Section 15 is the equality rights section of the Canadian Charter of Rights and Freedoms, and therefore the most logical starting point for an individual seeking to lodge a complaint of discrimination against the Canadian immigration authorities. Section 15 provides that "every individual is equal before and under the law and has the right to the equal protection and equal benefit of the law without discrimination and, in particular, without discrimination based on race, national or ethnic origin, color, religion, sex, age or mental or physical ability."

Section 15 is a right of every "individual", not just citizens or permanent residents of Canada. Some victories have been struck through the Charter by complainants of the immigration system, especially in the context of refugee rights. For example, the case of R. v. Singh in 1985, involving a "due process" claim by a refugee, was landmark because it involved the application of the Canadian Charter to the realm of refugee law. However, no case to my knowledge has ever brought the issue of racism in the field of immigration law at the forefront in judicial decisions. Nor has the potential for systemic discrimination inherent in the very framework of the immigration bureaucratic machine been challenged. An additional problem is the fact that it is very difficult for the thousands of people whose applications are annually denied, delayed, and generally regarded with suspicion, to make a Charter claim from outside Canada. Finally, Canadian society seems content to believe that the institution of immigration law in this country needs no reforms, certainly not reforms that would liberalize further what is already viewed as being a strong "humanitarian tradition".

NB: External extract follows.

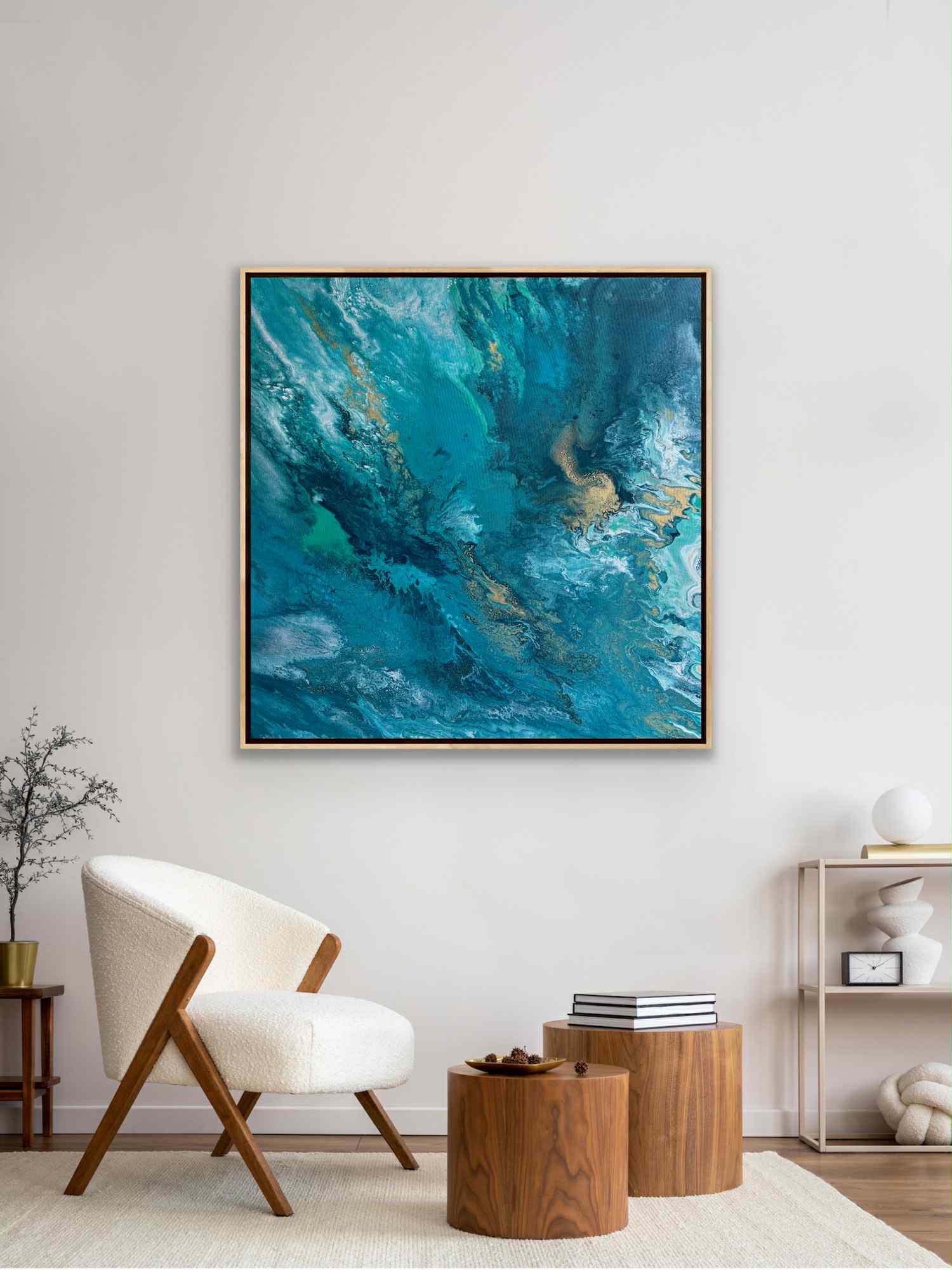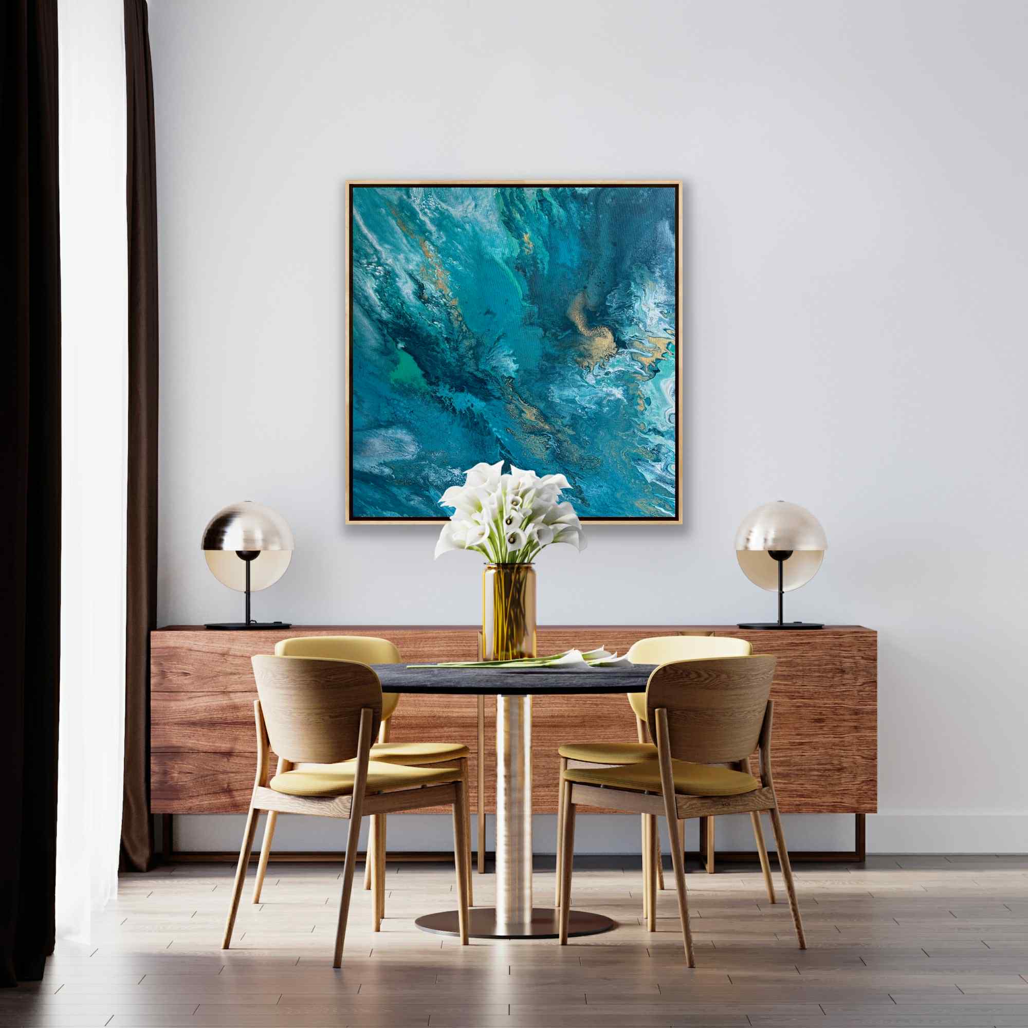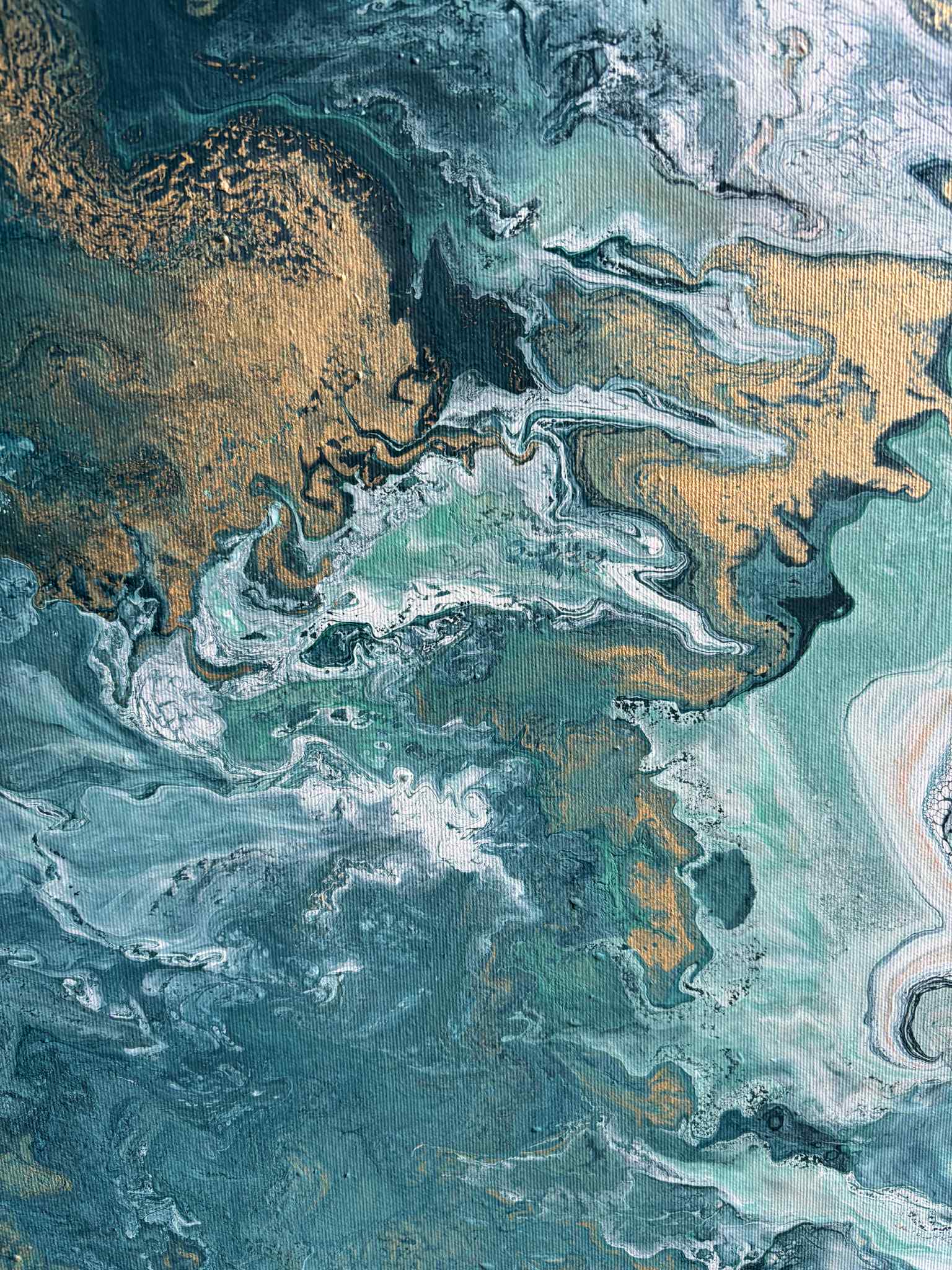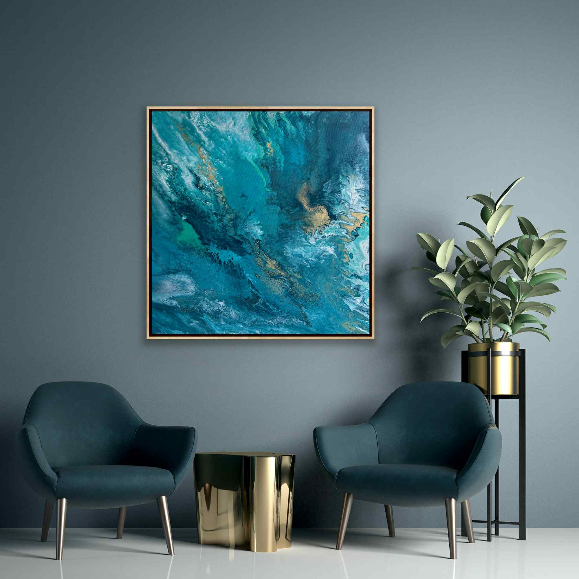 „Zanurzenie” to malarska podróż w głąb żywiołu, w której intensywne odcienie turkusu, głębokiej zieleni i płynącego granatu tworzą wrażenie ruchu, falowania i nieustannego przepływu energii. Kompozycja przypomina moment, w którym patrzymy w głąb oceanu — tam, gdzie światło tańczy na powierzchni, a głębie skrywają swoją własną, spokojną siłę.

I believe there is a need for an Iranian-Canadian legal clinic dealing with immigration issues based on the model of community participation of the African-Canadian Legal Clinic based in Toronto. The incorporation of international legal instruments in the strategies of such a clinic would be a key factor in forcing the mainstream authorities to deal with their human rights obligations in practice, not just on paper. Since Canada is heralded in the world today as the ideal of "POGG" and "humanitarian tradition", it is time to use the very concepts that have for so long kept the issue of racism out of Canadian immigration law, to bring the issue to light.